Practice-Based Research
The first two categories are likely the most familiar to the arts and humanities field: practice-and-research, and practice-as-research. Practice and research have long gone hand-in-hand in various arts disciplines; poets draw from their own creative practice in their textual analyses and criticisms of others’ poetry, as do creative writers and dramatists. This approach, practice-and-research, is the most established in literature departments, journals, and publishing houses. The practitioner-researcher’s creative artifacts and critical outputs are disseminated separately, while knowledge acquired from the creative practice informs the critical explorations. In some fields, particularly music, practice-as-research is also common, wherein the research consists entirely of the creative practice, with no explicit critical exegesis deemed necessary. The creative artifact is considered the embodiment of the new knowledge; emphasis is placed on creative exploration and innovation in the given artistic practice.
Where we begin to tread new territory is in the realms of practice-led and practice-based research. These categories of practice-related research “[involve] the identification of research questions and problems, but the research methods, contexts and outputs then involve a significant focus on creative practice” (Sullivan 2009, 48). The outcomes of such research are intended to develop the individual practice and the practice of the field, to build theory related to the practice in order to gain new knowledge or insight (Niedderer & Roworth-Stokes 2007, 10; Sullivan 2009, 48). Linda Candy, in her 2006 guide to practice-related research, makes the distinction between these two, though it can often be a rather blurry line in actuality. Practice-led research focuses on the nature of creative practice, leading to new knowledge of operational significance for that practice, in order to advance knowledge about or within practice. The results of practice-led research may be communicated in a critical exegesis without inclusion of the creative artifact, though the creative practice is an integral part of the research.
In practice-based research, the creative artifact is the basis of the contribution to knowledge. This method is applied to original investigations seeking new knowledge through practice and its outcomes. Claims of originality are demonstrated through the creative artifacts, which include musical performances, musical recordings, fiction, scripts, digital media, games, film, dramatic performances, poetry, translation, and other forms of creative practice. The creative artifact is accompanied by a critical discussion of the significance and context of the claims, and a full understanding can only be achieved through the cohesive presentation of the creative artifact and the critical exegesis.

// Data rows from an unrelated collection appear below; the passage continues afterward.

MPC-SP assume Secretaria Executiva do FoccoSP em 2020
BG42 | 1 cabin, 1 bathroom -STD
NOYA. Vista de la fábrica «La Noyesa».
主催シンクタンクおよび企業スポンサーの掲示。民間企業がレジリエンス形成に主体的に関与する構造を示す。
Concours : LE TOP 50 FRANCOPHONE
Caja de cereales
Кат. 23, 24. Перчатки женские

Put simply, in practice-based research, the creative act is an experiment (whether or not the work itself is deemed “experimental”), one designed to answer a directed research question about art and the practice of it, which could not otherwise be explored by other methods. We create art to connect with others, to connect with ourselves, and often just for the sake of it. We experiment with our art in order to push boundaries, to ask questions, to learn more about our art and our role within it. This is nothing new. What emerges, then, from this methodology, is the exegesis that accompanies the creative work: that knowledge that has remained implicitly within the artist, made explicit and seated within the context of the scholarly field.

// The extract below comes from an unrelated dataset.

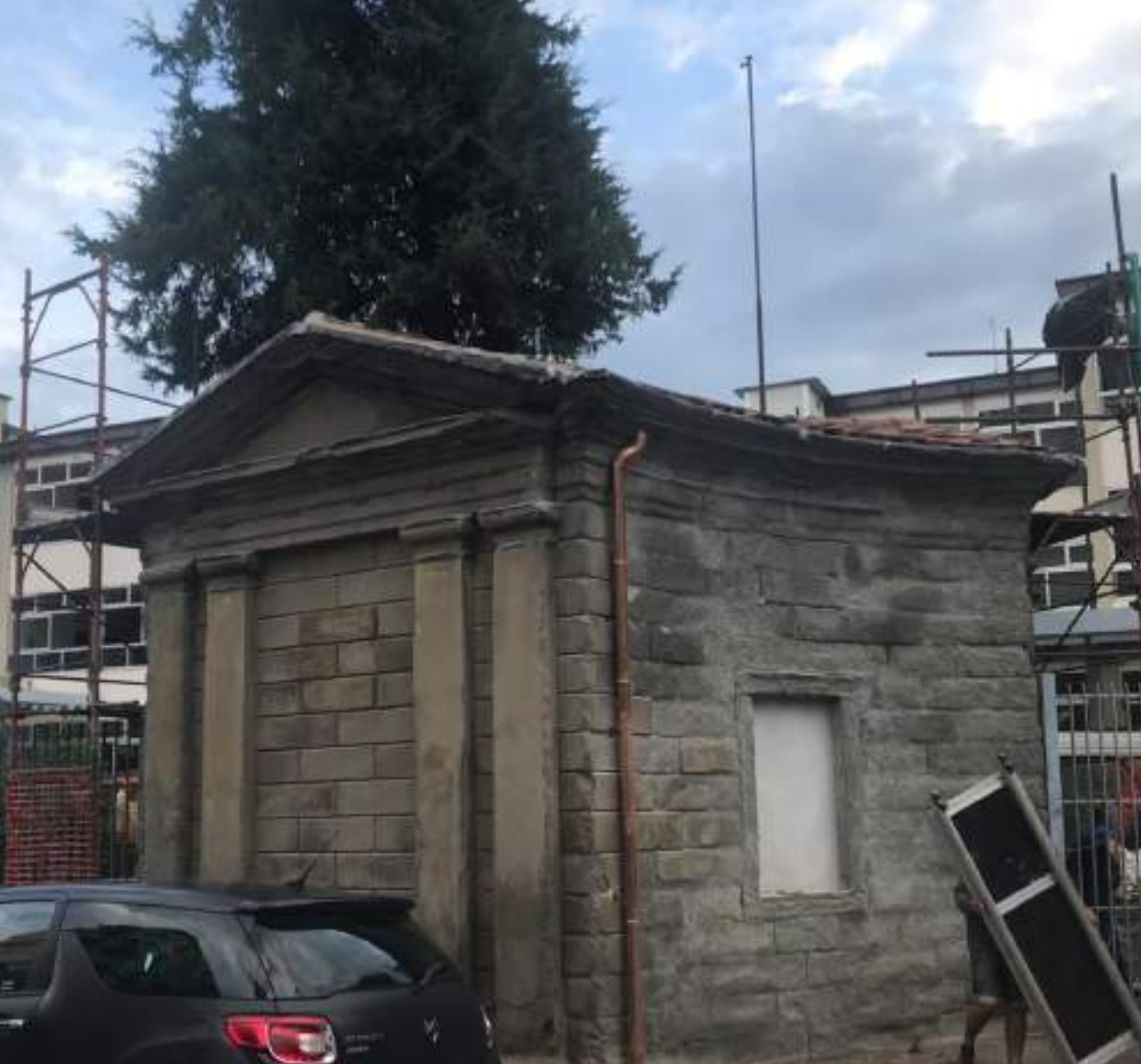
Istituto SASSETTI - PERUZZI via S. Donato 46

Graeme Sullivan’s 2009 model identifies a framework of four key areas in which a practice-led or -based research methodology is applicable and appropriate. The first is theoretical, in which the practitioner-researcher is exploring research issues and problems; this project can be seen as an exegesis of theoretical practice-based research, as the methodology it communicates was developed during the composition of a significant work of creative practice as experiment, in the absence of any existing methodologies that could be applied. In Sullivan’s second category, conceptual, “artists give form to thoughts in creating artefacts that become part of the research process” (50); often, this type of practice-related research is conducted as an attempt to understand the creative artifacts themselves, rather than to respond to a gap in scholarly technique or cultural context. A writer may be interested in the affects of different narrative perspectives on a short story, or a sculptor might explore the affordances of different sculpting media; in my work, I am interested how constructing narratives in different media affects me as a writer, and the structures of the stories that result. Dialectical practice-related research explores the human process of experiential meaning-making: how we connect to other minds through the middle-men of artistic media, how art conveys meaning beyond mere communication of actants and/or events. The final category is contextual, in which the practice is an effort to bring about social change (morality plays, for example).
The remainder of this model of practice-based methodology will focus on practice-based research as the foundation approach, primarily in the category of conceptual (though, as noted, other results do arise serendipitously; the categories are not mutually exclusive). Embedded within this foundation are methods of observation and analysis that provide a far more robust framework than relying solely on post-composition reflection for translating the implicit knowledge practitioners naturally develop through their creative practice into an explicit exegesis that the field can engage with. This framework consists of a modified ethnomethodology, cognitive analysis, and media-specific post-textual analysis.